- _PROMPT_: Without the pictures, print the lines running from the beginning of the material to the line containing "Håndformet og håndmalet", both ends included.

- _DATA PROVIDED_:
******************************

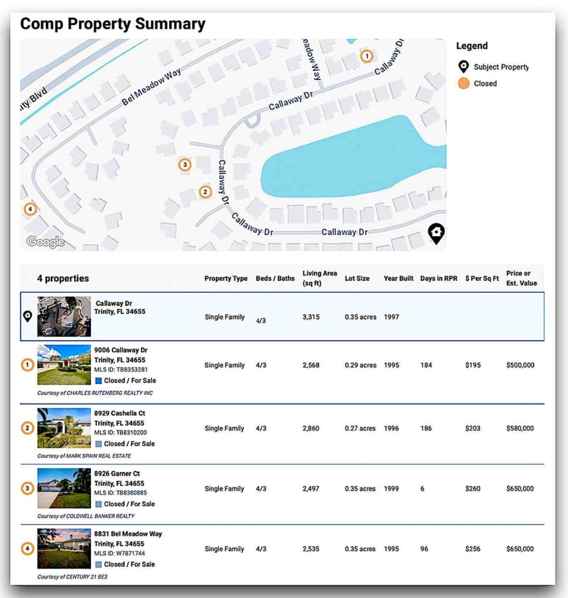 - 9006 Callaway Dr – 2,568 sf → Sold $500,000 ($195/sf) – updated
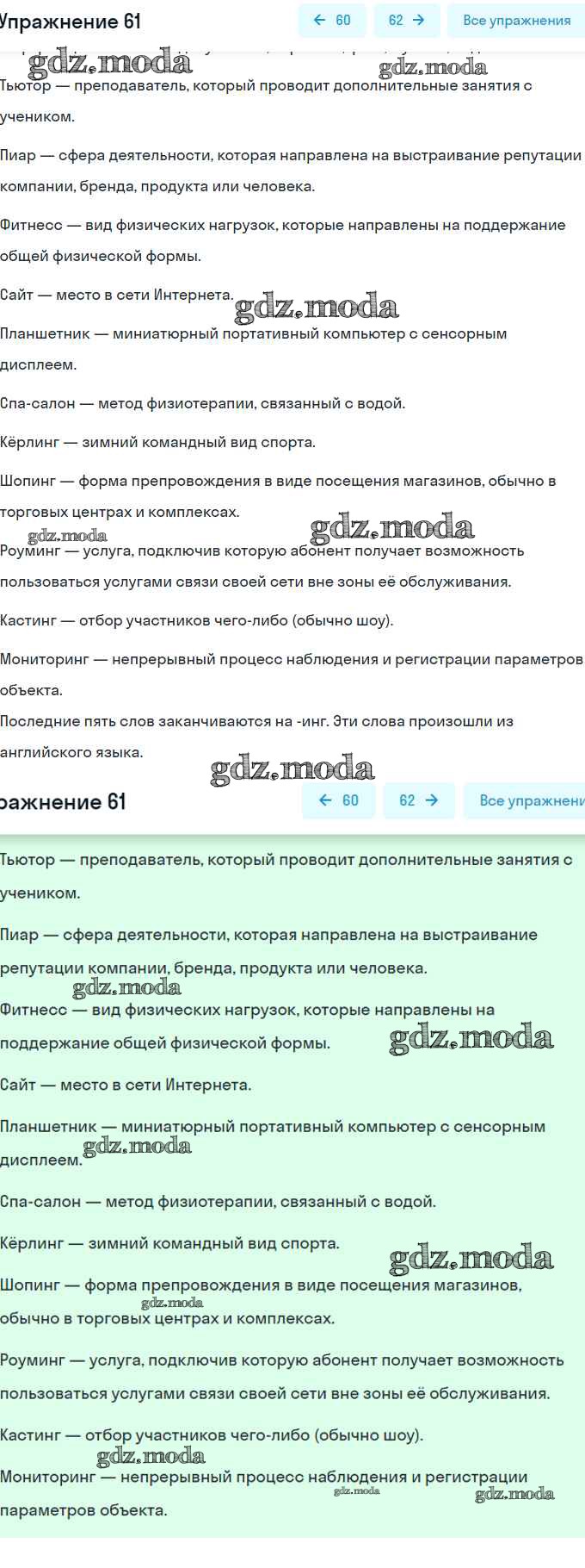 ОТВЕТ на задание № 61 Рабочая тетрадь по Русскому языку 6 класс Янченко
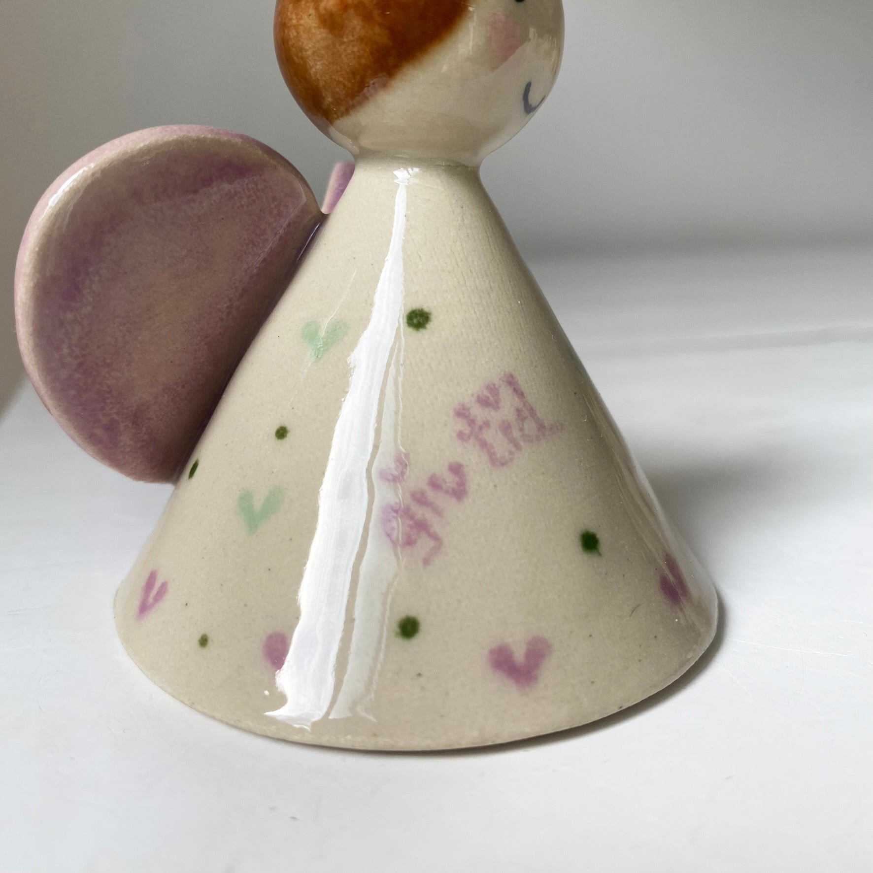 Håndformet og håndmalet engel i stentøjsler / STOR
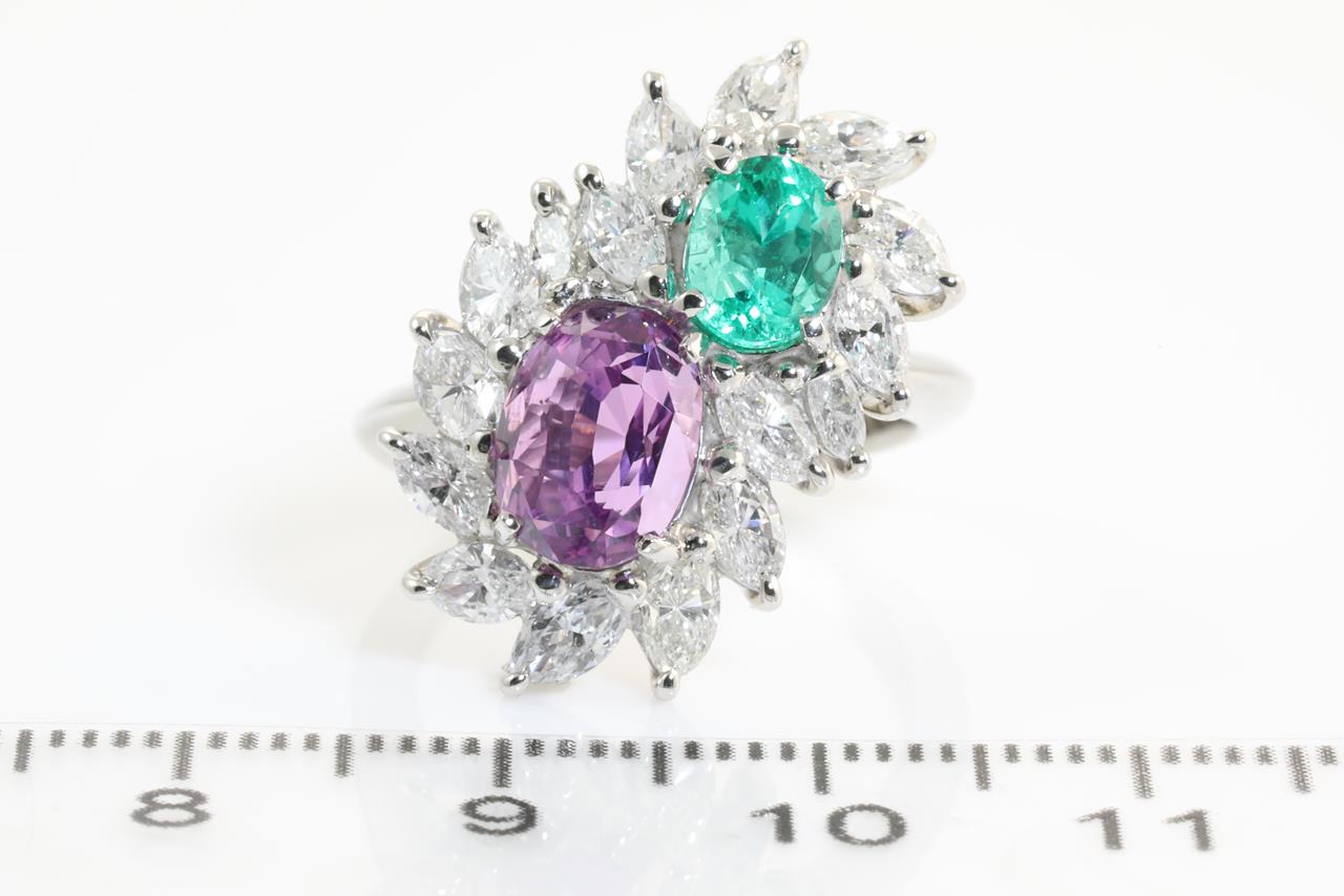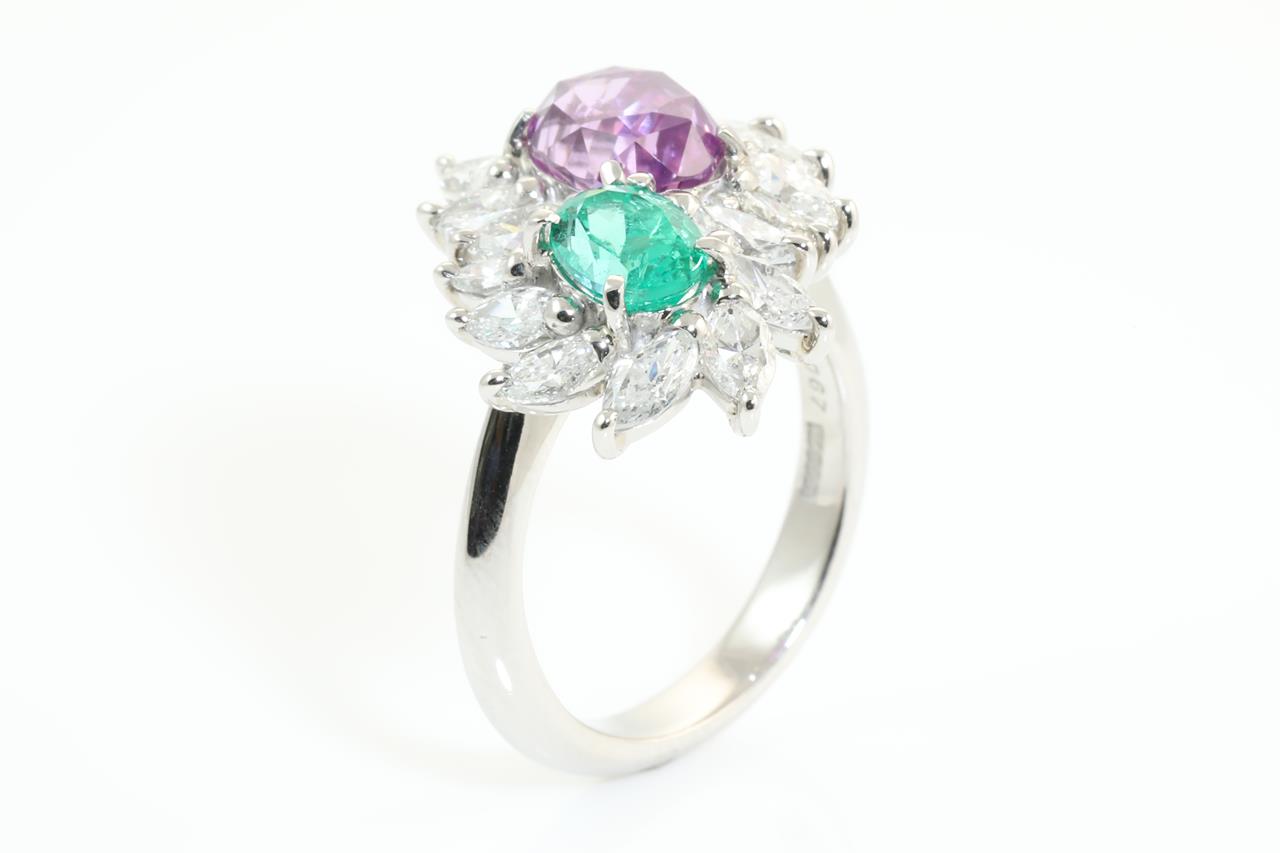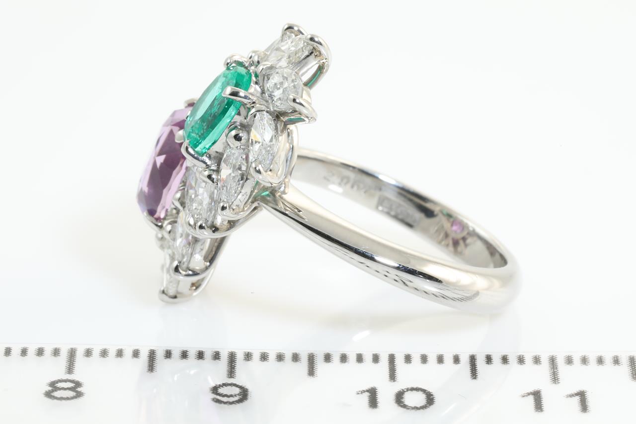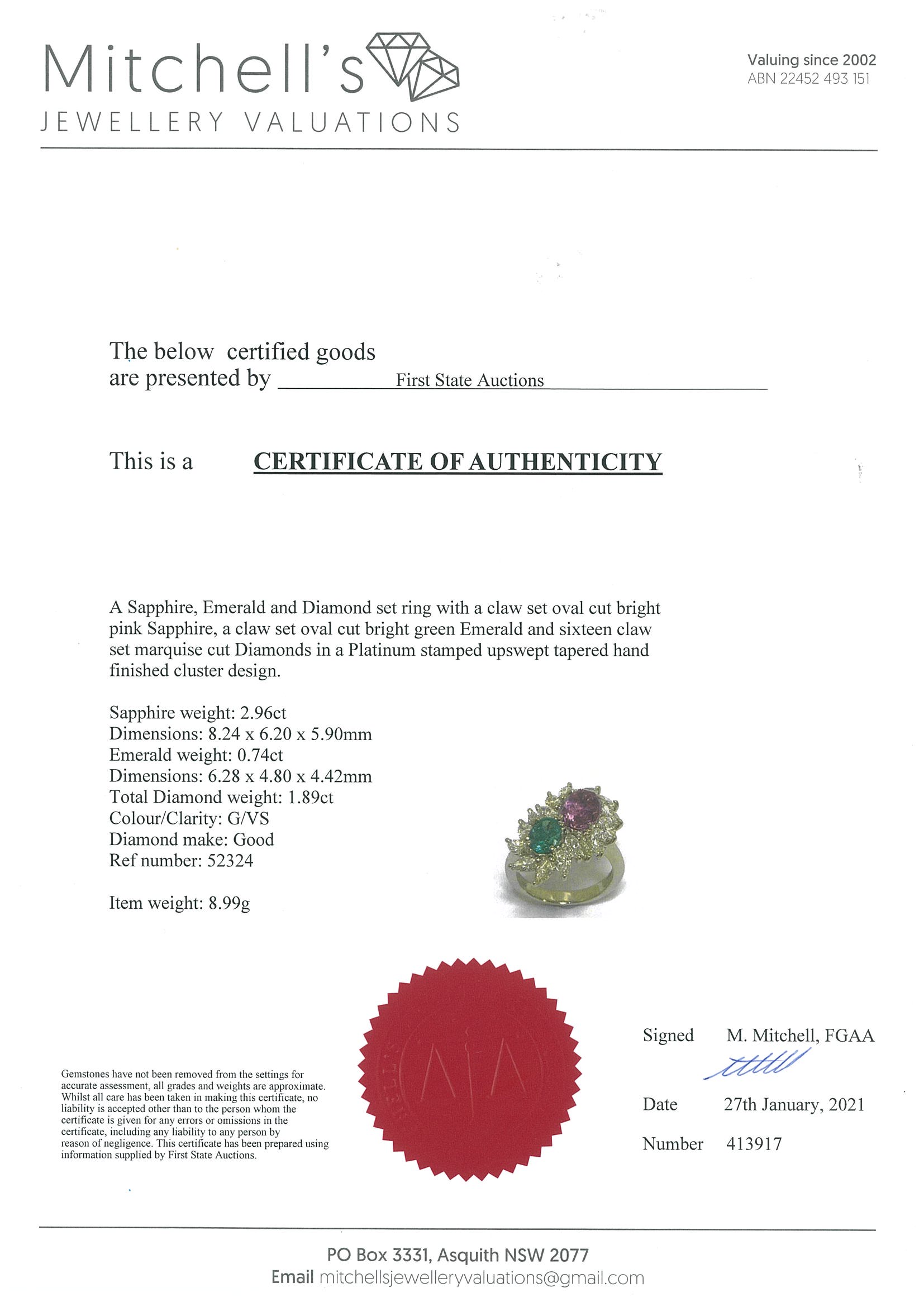 Sapphire, Emerald and Diamond ring with oval pink Sapphire of 2.96ct, oval Emerald of 0.74ct and Diamonds totalling 1.89cts (Estimated grading: G VS). Platinum. Ring size: K1/2. Weight: 8.99g. With certificate #413917. (Pre-owned)

******************************

- _SOLUTION TO THE EXERCISE_:
 - 9006 Callaway Dr – 2,568 sf → Sold $500,000 ($195/sf) – updated
 ОТВЕТ на задание № 61 Рабочая тетрадь по Русскому языку 6 класс Янченко
 Håndformet og håndmalet engel i stentøjsler / STOR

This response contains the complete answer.